11.3.1 Data Acquisition

MRS physics have been described extensively in several textbooks, ² and only some basics need to be discussed here for the understanding of methodological challenges related to the clinical interpretation of data acquired. MRS can be performed using several nuclei (C13, F19, Na23, P31), however the hydrogen nucleus (H1) is by far the most used in clinical MRS. H1 has a high abundance within multiple neurometabolites and most clinical scanners mainly operate at its resonance frequency. This allows the combination of MRS with morphological MRI and other functional MR techniques in the clinical setting, which is a prerequisite for successful clinical MRS examinations.

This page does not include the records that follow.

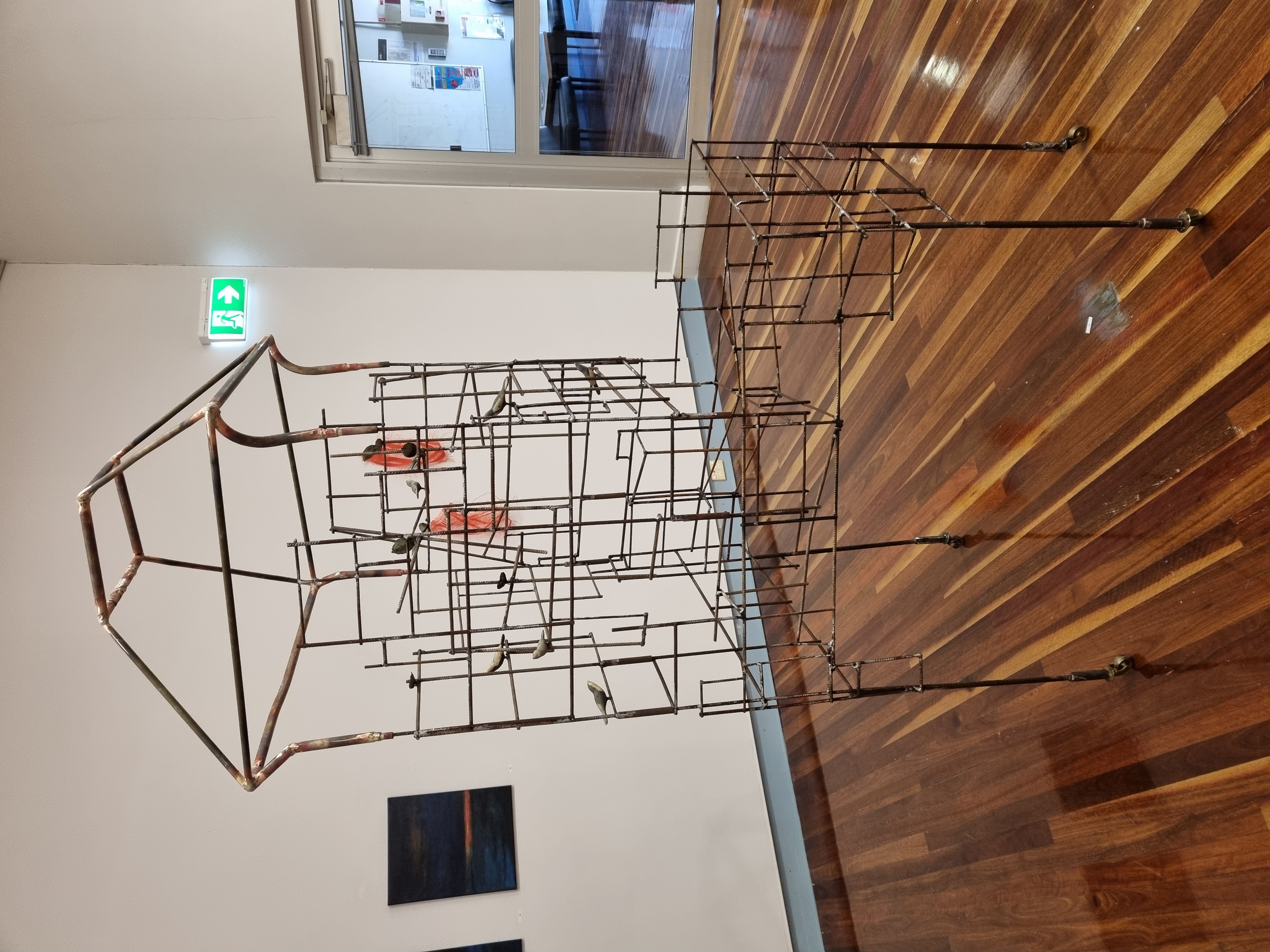 Recovered metals (steel, copper, lead, bronze). Dimensions approx 215x115x80cm. 2024.
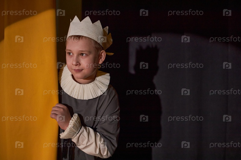 Мальчик в короне заглядывает из-за штор на сцене детского театра
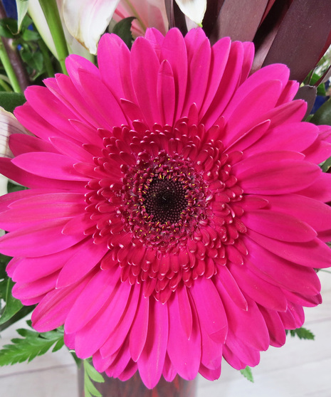 Nestled in a tall, sleek crimson glass vase, this design balances bold architectural lines with soft, romantic blooms. We’ve curated a rich palette of deep reds, electric blues, and striking magentas, featuring: red roses, magenta gerbea daisies, stargazer lilies, blue delphinium, and purple & white calla lilies.
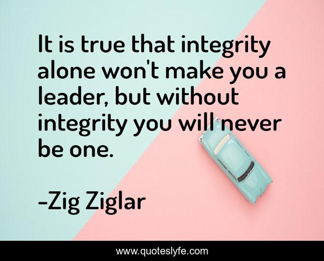 This page presents the quote "It is true that integrity alone won't make you a leader, but without integrity you will never be one.". Author of this quote is Zig Ziglar. This quote is about integrity, leader,.
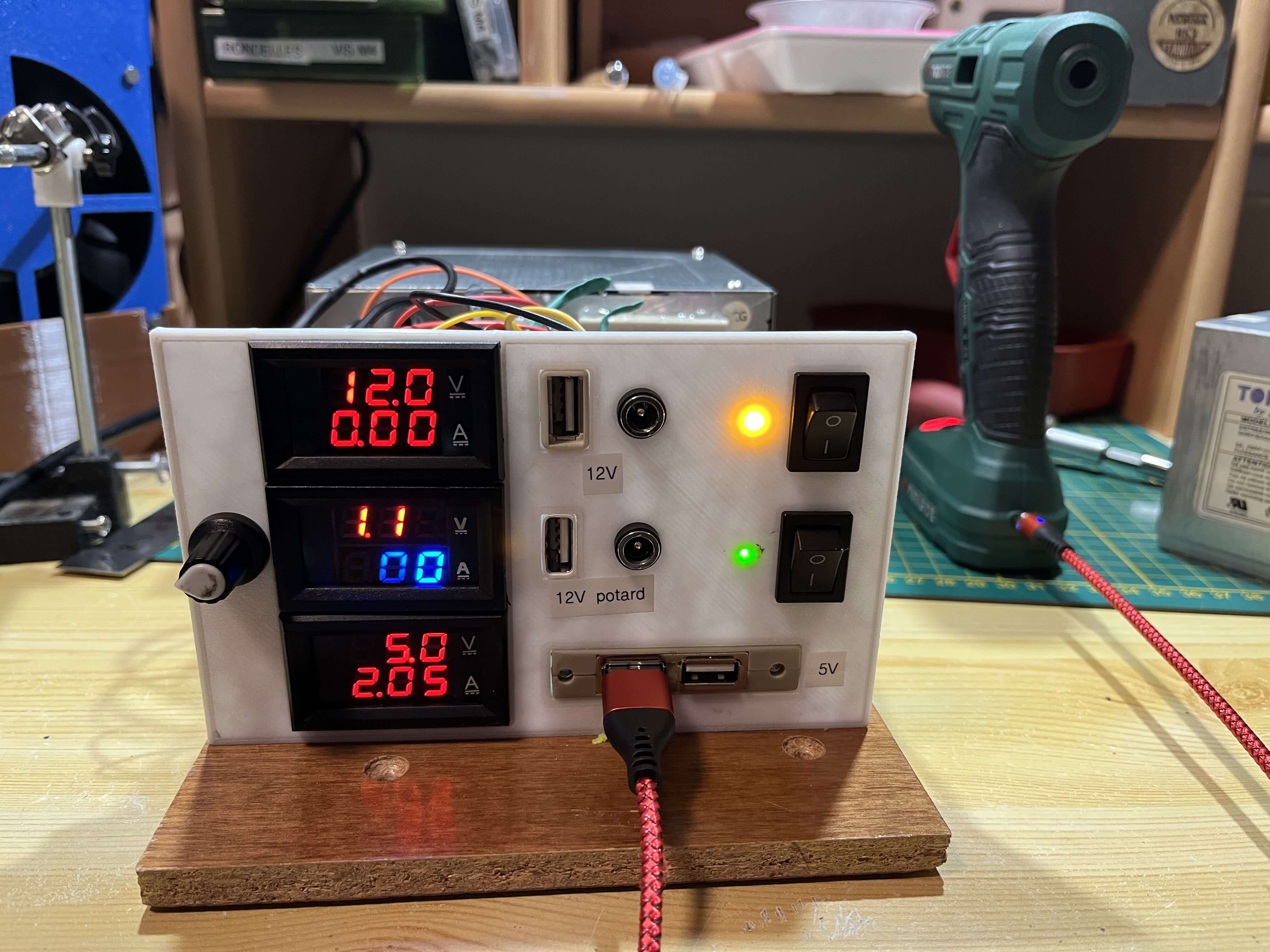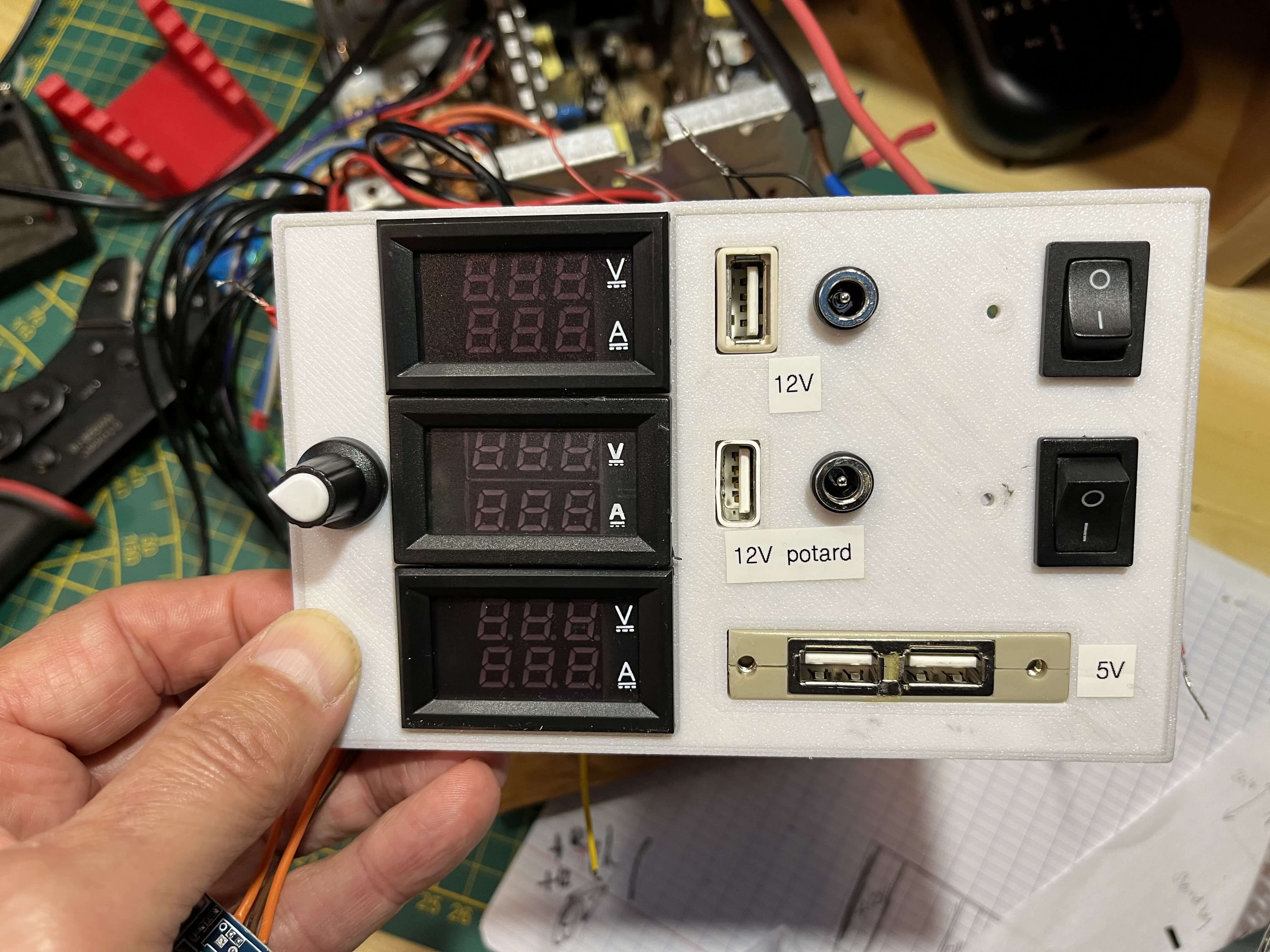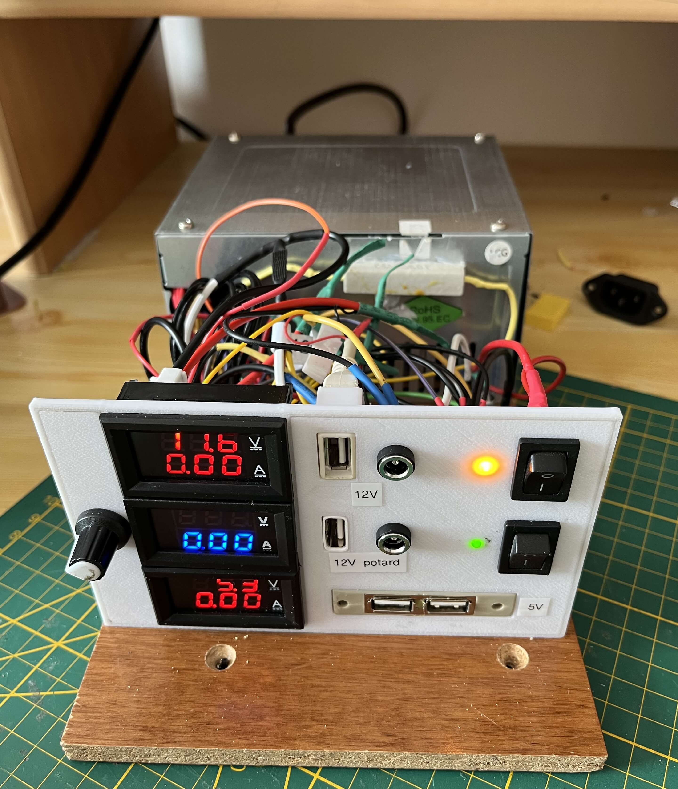 Alimentation stabilisée à partir d'une alimentation PC. Elle fournit du 5V, 12v et variable de 1 à 12 v.
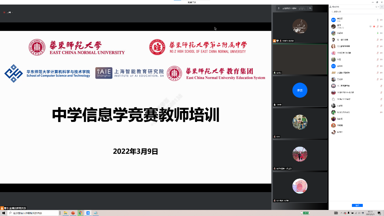 为进一步推进信息技术与教育教学深度融合,积极探索信息技术领域创新人才培养新模式,增强华东师大附属学校信息学骨干教师力量,吸纳更多优秀的青少年投身信息学知识领域的学习,由华东师大计算机学院、上海智能教育研究院肖春芸和周爱民老师牵头组织的信息学师资培训于2022年3月开班。
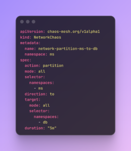 In a microservices architecture, your service is only as reliable as the services it calls. We use NetworkChaos to simulate a “Partition” where traffic to specific internal dependencies is completely cut off.

Based on morphological reference images (Fig. 11.1) a volume of interest is chosen for the MRS examination. A single voxel (single voxel spectroscopy [SVS]) with a usual voxel size of 3 to 8 cm³ is preferably used to characterize the metabolic profile of a rather homogeneous solid or cystic part in a tumor (Fig. 11.1b,c), whereas multiple smaller voxels (multivoxel MRS or chemical shift imaging [CSI]) in one or several slices (single-slice two-dimensional chemical shift imaging [2D CSI]; multislice three-dimensional CSI [3D CSI]) are used to characterize the metabolic profile over different parts of a heterogeneous tumor and/or surrounding tissue (Fig. 11.1d–f). In this context it is important to emphasize the need to review conventional MR images prior to voxel/region of interest (ROI) positioning to define the area of the lesion that is most interesting for MRS and relevant for the clinical question to be answered. The defined area might not necessarily coincide with the area technically most accessible for MRS. Compared to the wide variety of available sequences and parameters in MRI the choice of MRS sequences can be standardized regarding sequence type and acquisition parameters in a very robust way to allow for comparable data not only within one patient but within larger clinical populations (Table 11.2). Short echo times allow for evaluation of metabolites with short relaxation times (e.g., myoinositol). Intermediate echo times are used to more clearly depict lactate because the resonance inverts in the spectrum and points below the baseline, and to assure lesser relaxation effects on the main metabolites NAA, Cho, and Cr compared to long echo times. Use of the latter usually generates spectra of high quality, however, including a more limited number of metabolites compared to short echo time spectra.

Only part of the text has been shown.